I made test for reading single file in portions of different size:
Read 29339600 bytes in 0.025776599999999983 seconds - by 4096 bytes, local
Read 29339600 bytes in 0.15013739999999998 seconds - by 4096 bytes, winfsp-passthrough-fuse3-x64.exe
Read 29339600 bytes in 0.28682240000000003 seconds - by 4096 bytes, samba share
Read 29339600 bytes in 0.31780699999999995 seconds - by 4096 bytes, rclone
Read 29339600 bytes in 8.413499999999999 seconds - by 8 bytes, local
Read 29339600 bytes in 10.6984064 seconds - by 8 bytes, samba share
Read 29339600 bytes in 68.97246200000001 seconds - by 8 bytes, winfsp-passthrough-fuse3-x64.exe
Read 29339600 bytes in 152.11466099999998 seconds - by 8 bytes, rclone
I could conclude that reading big files in small chunks is very inefficient, but samba share client look like have read ahead for sequential reading (and on the web there are some resources that state that). WinFsp introduce significant penalty on reading and rclone double it.
and code as follows:
import time
# f = open('z:\\BaseColor.tex', 'rb', buffering=0)
f = open('C:\\BaseColor.tex', 'rb', buffering=0)
# f = open('x:\\BaseColor.tex', 'rb', buffering=0)
# f = open('\\\\fs1\\share\\BaseColor.tex', 'rb', buffering=0)
s = time.perf_counter()
l = 0
while True:
d = f.read(4096)
if not d:
break
l += len(d)
print(f'Read {l} bytes in {time.perf_counter() - s} seconds')
f.close()
I ve also checked returning zero buffer fill instead on downloading data and pulling localy cached data, so in case of 8 byte reading with 150 seconds i got 125. So i decide that implementing memory caching on rclone level will not change things significantly((
Your results seem to say that the application reading 8 bytes results in a call from the OS to only read 8 bytes.

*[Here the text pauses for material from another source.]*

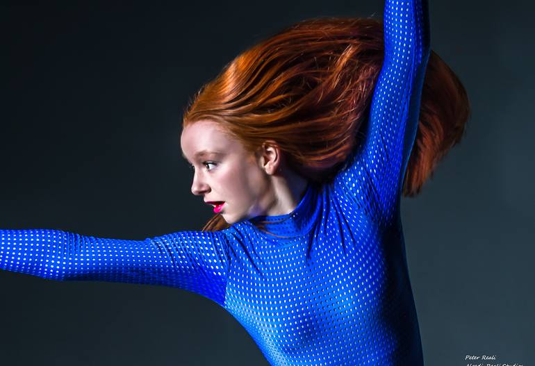 I was fascinated by the movement of dancers and the contrast of the woman's red hair and blue tights. I have tried to present a dynamic and flowing transition of form. Being a photographer it is presented in a print medium.

As I understand rclone logs the best - could you confirm that with the rclone logs with -vv. If I've missed that above - my apologies - I find the screenshots rather hard to read.

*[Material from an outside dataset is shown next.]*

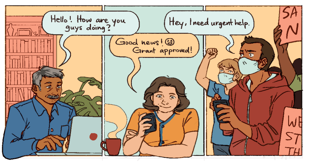 The carekit covers aspects of collective digital care for campaigners over the journey of standing up for a cause, from forming online communities, maintaining these spaces, keeping them safe and celebrating these communities. We highlight, from the outset and throughout, the importance of strategically modelling mutually supportive, generous and collaborative ways of organising online, to resist replicating the discrimination, exploitation and exclusions already rampant in digital spaces. We also suggest that practices of shared learning and working together through the messiness of online activism is key to the collective process, since “We do not get there from here by ignoring all of the mud in-between those positions”.[4] Cross-pollination drawing on the connective possibilities of the digital, e.g., reaching out to experienced allies for advice, should be firm parts of the communities of care we build and the pedagoges of activism we develop.

What I would expect to happen is that the OS asks for much larger chunks than 8 bytes and buffers them in memory.
Here is what happens under linux when I read a single byte from a file - the OS asks for 16k.
I would expect Windows to be doing something similar and if it isn't we need to tweak it until it does!

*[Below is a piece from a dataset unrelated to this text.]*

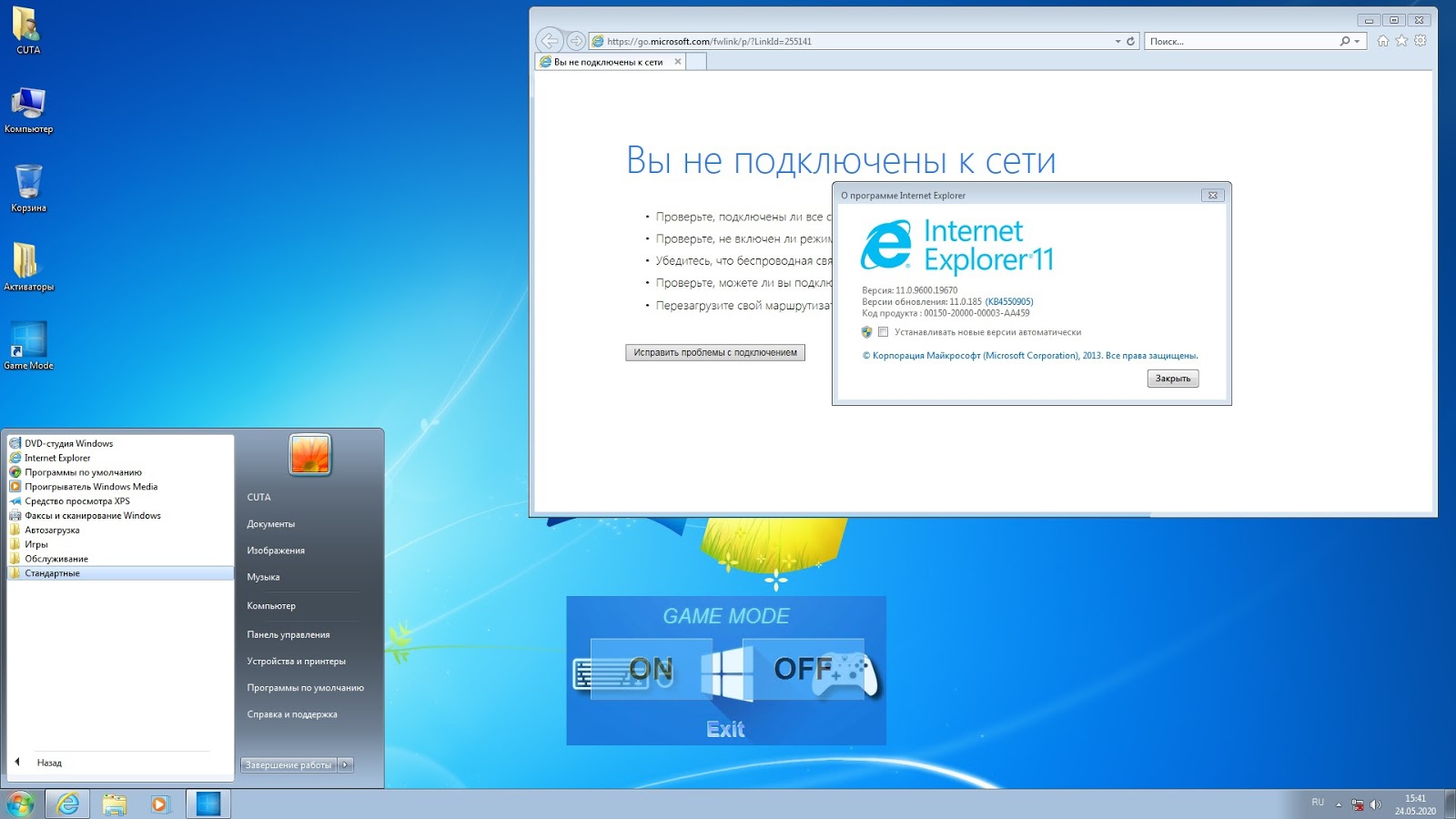 In this OS assembly on the desktop there is a small utility Game_Mode.exe. Immediately after its launch, you can turn on or off the "Game Mode".

That wouldn't be so much of a probem if we weren't doing 8 bytes reads and were doing 16k instead which I think is the underlying cause of the problem.
That is puzzling!
I think you are right. But I think we need to encourage the OS to do it somehow. Maybe there is a WinFSP option which would help...
I just had a look through the code and I think we removed the option by accident in this commit
before this commit we used to supply -o max_readahead=131072 but that seems to have dropped off.
Can you try adding -o max_readahead=131072 to your command line and see if that helps?
@albertony am I reading that change correctly? Did we used to supply max_readahead to Windows and now we aren't?
I can see the reads going through on Windows 1:1 without buffering. I tried adding -o max_readahead=131072 attr_timeout=1 -o atomic_o_trunc which is what went missing but this made no difference at all So it looks like this option wasn't doing anything. I think we should probably put them back though @albertony - the attr_timeout and atomic_o_trunc are important.
Sorry there was mistake on WinFsp github ticket (double assign, that i checked before with no luck), with correct -o FileInfoTimeout=-1 i got read ahead! Speed in my cases is similar to samba share now.
I think probably the -o FileInfoTimeout=-1 should be the default as I don't see why you wouldn't want readahead. We turn it on for Linux and macOS.
It said in the issue linked above that other values such as 1,000 should give readahead but I tried 1000, 1000000 and 1000000000 and none of them gave any readahead.
I shall put this on my list of things to ask Bill about when he is back at his desk.
@albertony thanks for looking at this. I've made a note that this needs looking at but it can wait - no problems.